What a real user broke on day twelve that no spec would have caught

A proof of concept that nobody outside the build team has touched is not a proof. It is a slide deck with a working demo attached. By week two of every engagement, we put a real human inside whatever exists so far and watch them use it.

Who the user is

Not a beta tester. Not the executive sponsor. Usually one of the operators who would eventually live inside the system — a support lead, a sales engineer, an analyst. Sometimes a single user. Always someone whose day job the system is supposed to change.

We sit with them. We do not interrupt. We do not explain. We watch.
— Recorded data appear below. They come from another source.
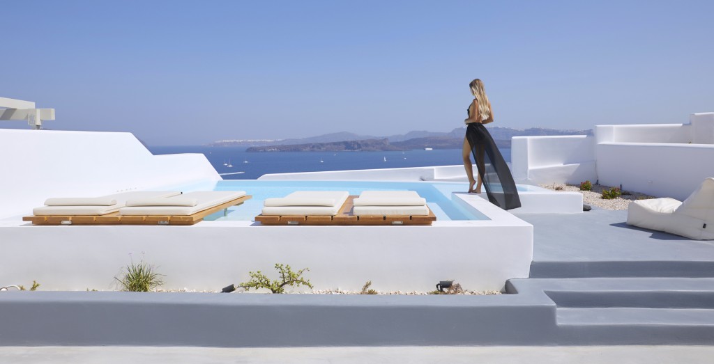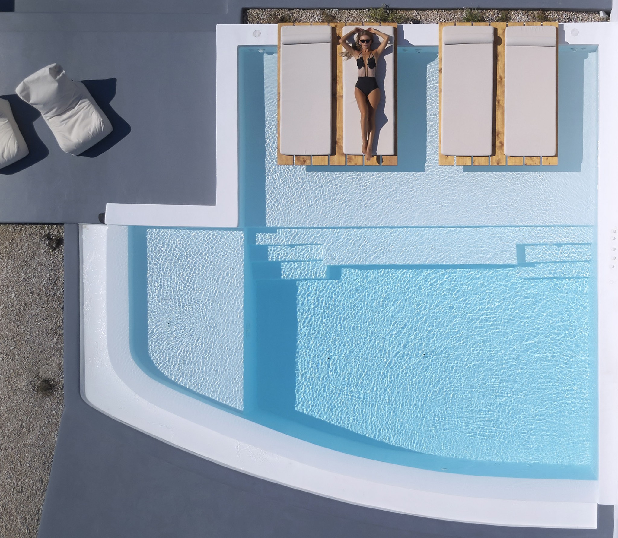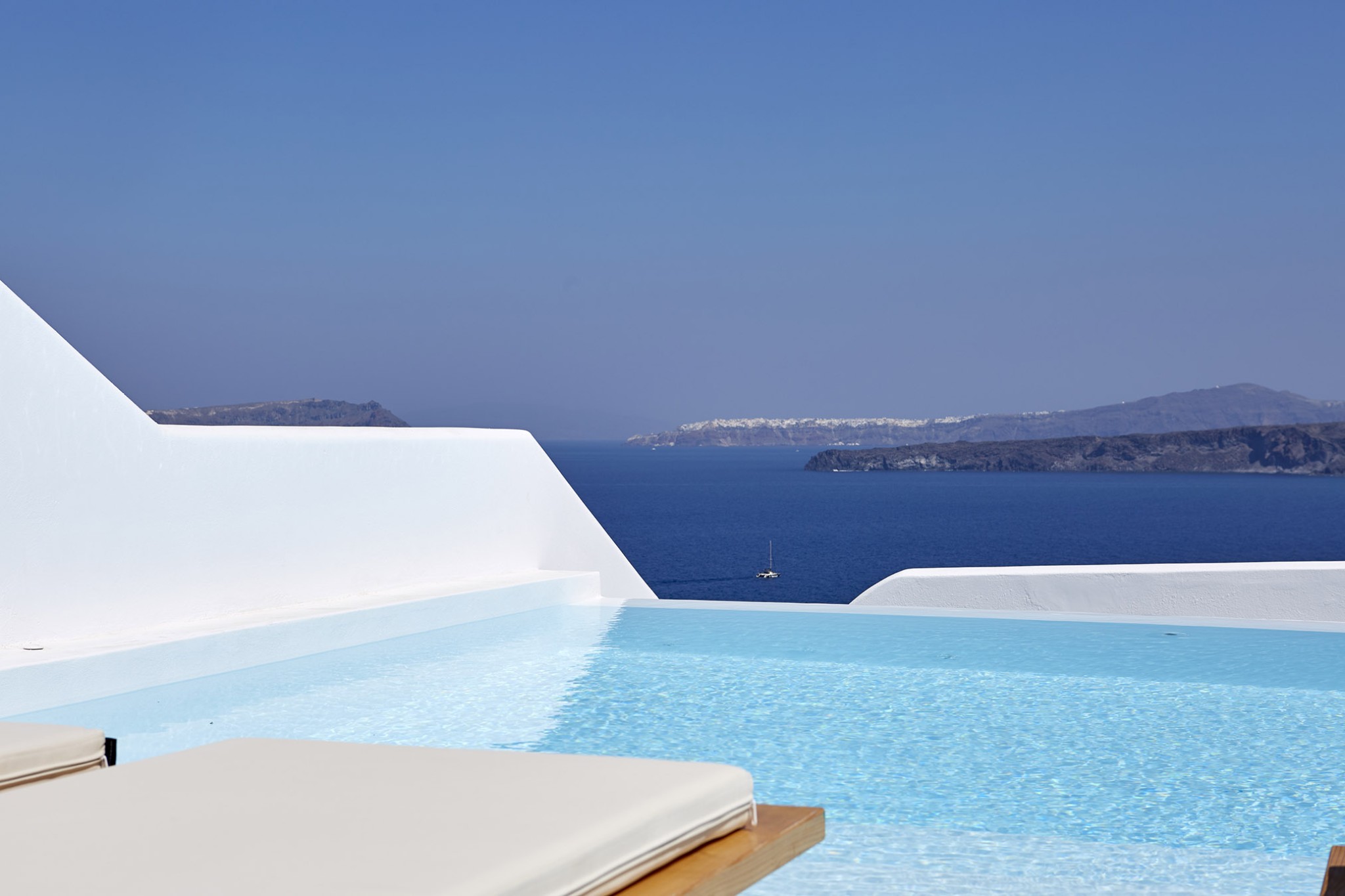 Stylish surroundings meet unpretentious luxury in the minimally adorned spacious villa. Plush amenities meet traditional curvy lines. Its spacious interiors make the perfect haven for couples and families. Two king-sized beds, two sleek bathrooms, an ample sitting area and elegant furnishings create a peaceful ambiance to indulge in its capacious interior. Just step out to the fully appointed private terrace to take in the superb vistas to the breathtaking Caldera. The sundeck overhung the water in a profoundly relaxing experience for all of its guests. The private heated infinity pool with hydromassage jets seems to float on the eternally charming Aegean Sea.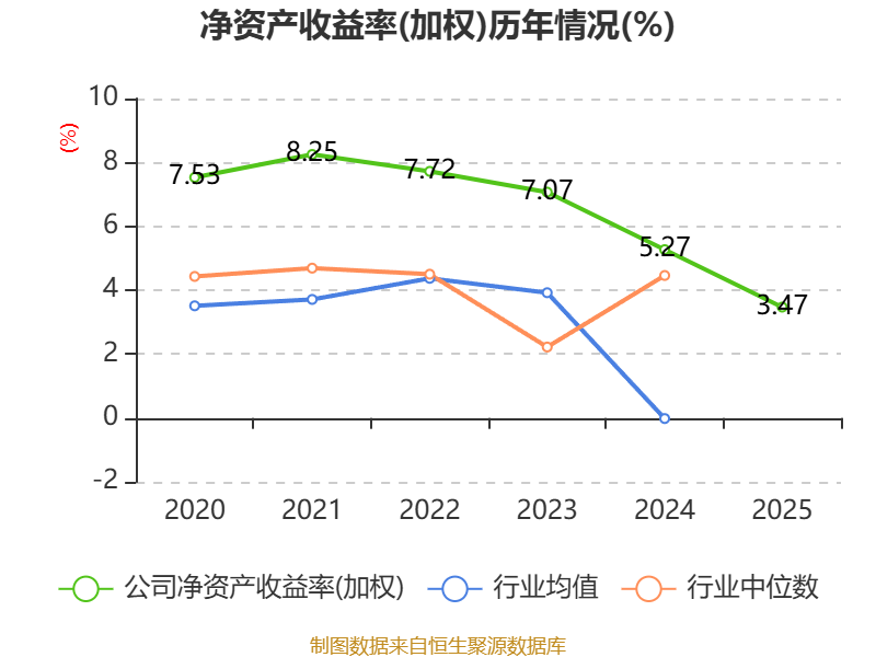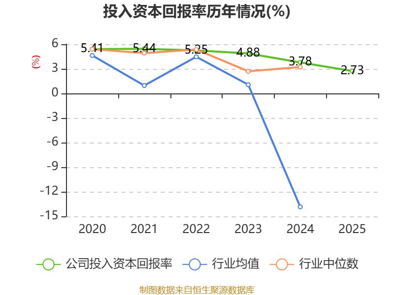数据显示,2025年公司加权平均净资产收益率为3.47%,较上年同期下降1.8个百分点。公司2025年投入资本回报率为2.73%,较上年同期下降1.05个百分点。
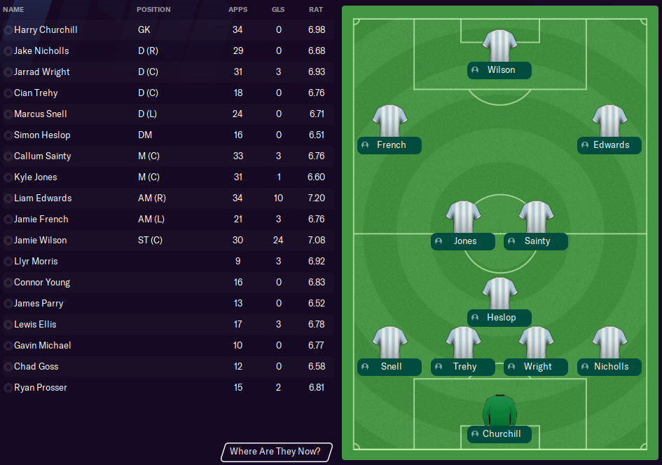 Of course, an average rating below 7 doesn’t make a player rubbish. I’m still very happy with Churchill’s performances in goal and Jarrad Wright‘s in defence, while Sainty has been a useful ball-winner in midfield for us. I probably expected a bit more from our new full-backs, along with Kyle Jones and Heslop in midfield, but I suspect the ratings algorithm might be a bit wonky when it comes to those positions.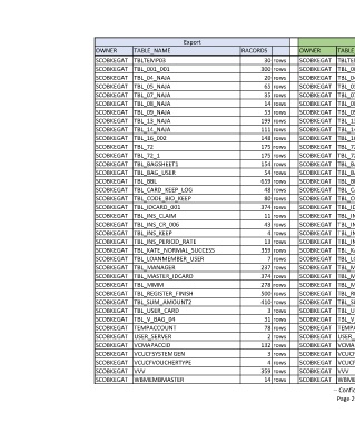 OWNER TABLE_NAME RACORDS OWNER TABLE_NAME RACORDS OWNER TABLE_NAME RACORDS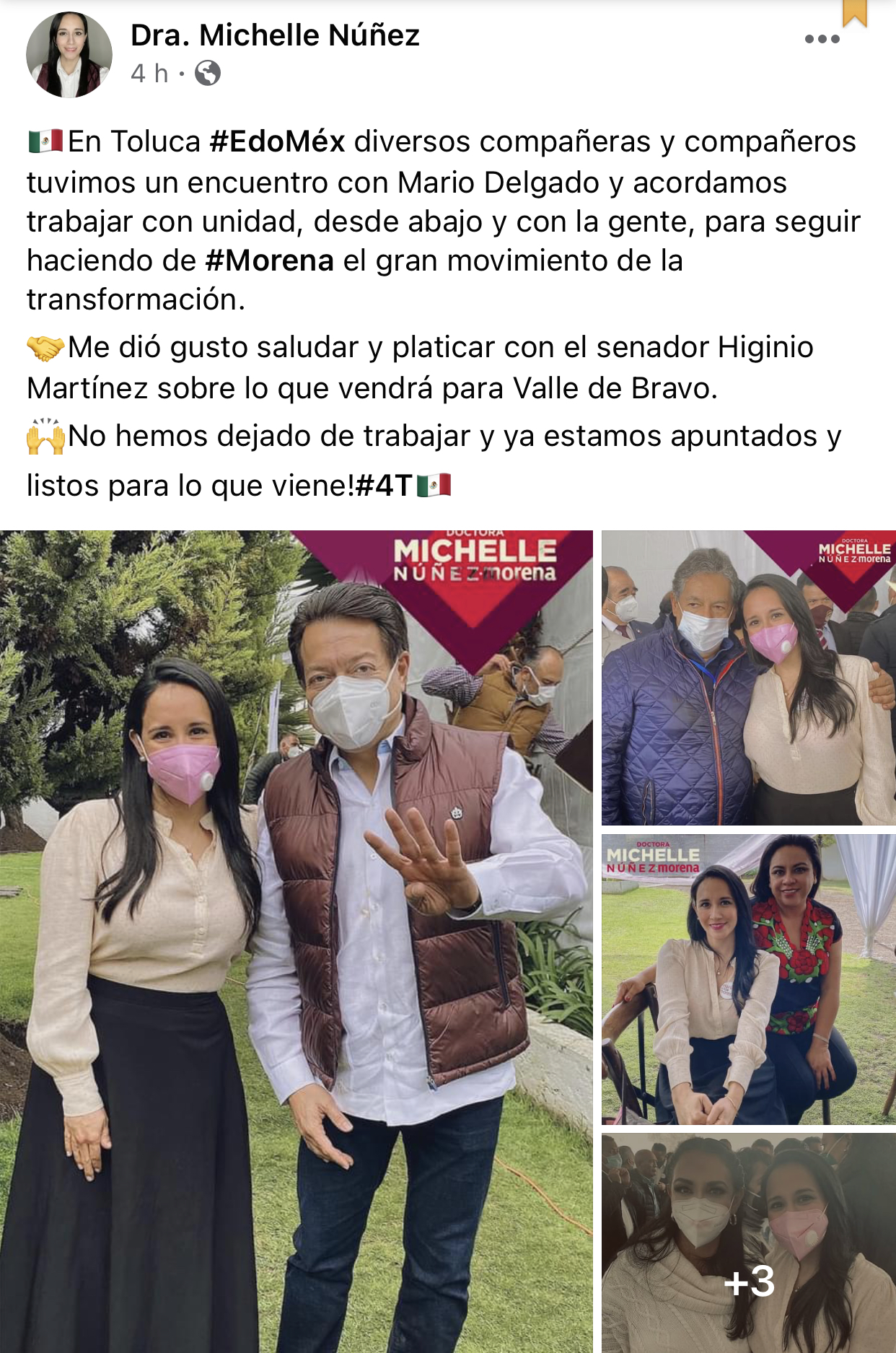 En el valle de Toluca, Mario Delgado se reunió con políticos de la región, como el alcalde de Toluca, Juan Rodolfo Sánchez Gómez; Anthony Domínguez Vargas, el presidente Municipal de Tejupilco y Maurilio Hernández González, el coordinador de los diputados locales.

What gets exposed in twenty minutes

On the whiteboard, the architecture is clean. Confidence-gated handoff to a human. Inline citations on every answer. A retry policy for malformed tool calls.

In the first twenty minutes of a real user touching the thing, here is what tends to actually happen. They copy the output into a Word document or an email draft. They ignore the citations. They never trigger the confidence threshold because they have already given up and gone back to the old workflow before the threshold is reached. They retry by hitting the button three times instead of waiting for the structured retry.

None of that was in the spec. All of it changes the architecture.

Three patterns we now expect

The first pattern: output destination matters more than output quality. If the user is going to paste the answer somewhere else, the rendering, the structure, and the metadata of the output have to match where it is going. A confident answer in the wrong format is still extra work.

The second pattern: latency budgets are not abstract. A confidence-gated handoff that takes seven seconds is a confidence-gated handoff that nobody triggers, because the user has already moved on. The latency budget gets written into the eval after week two, never before.

The third pattern: the failure mode the team is most worried about is rarely the one the user encounters first. Engineering teams obsess over hallucination. Users get blocked on data freshness, ambiguous phrasing, and tool-call retries that look like the system froze.

What changes after week two

Every week between "the system exists" and "a real user has touched the system" is a week of architectural debt the team does not yet know it is accruing. The fix is not better discovery. The fix is to shorten the gap.

Architecture decisions get made against a transcript of a real user struggling, not against a diagram on a whiteboard. The transcript is the source of truth. The whiteboard is a draft of what we used to believe.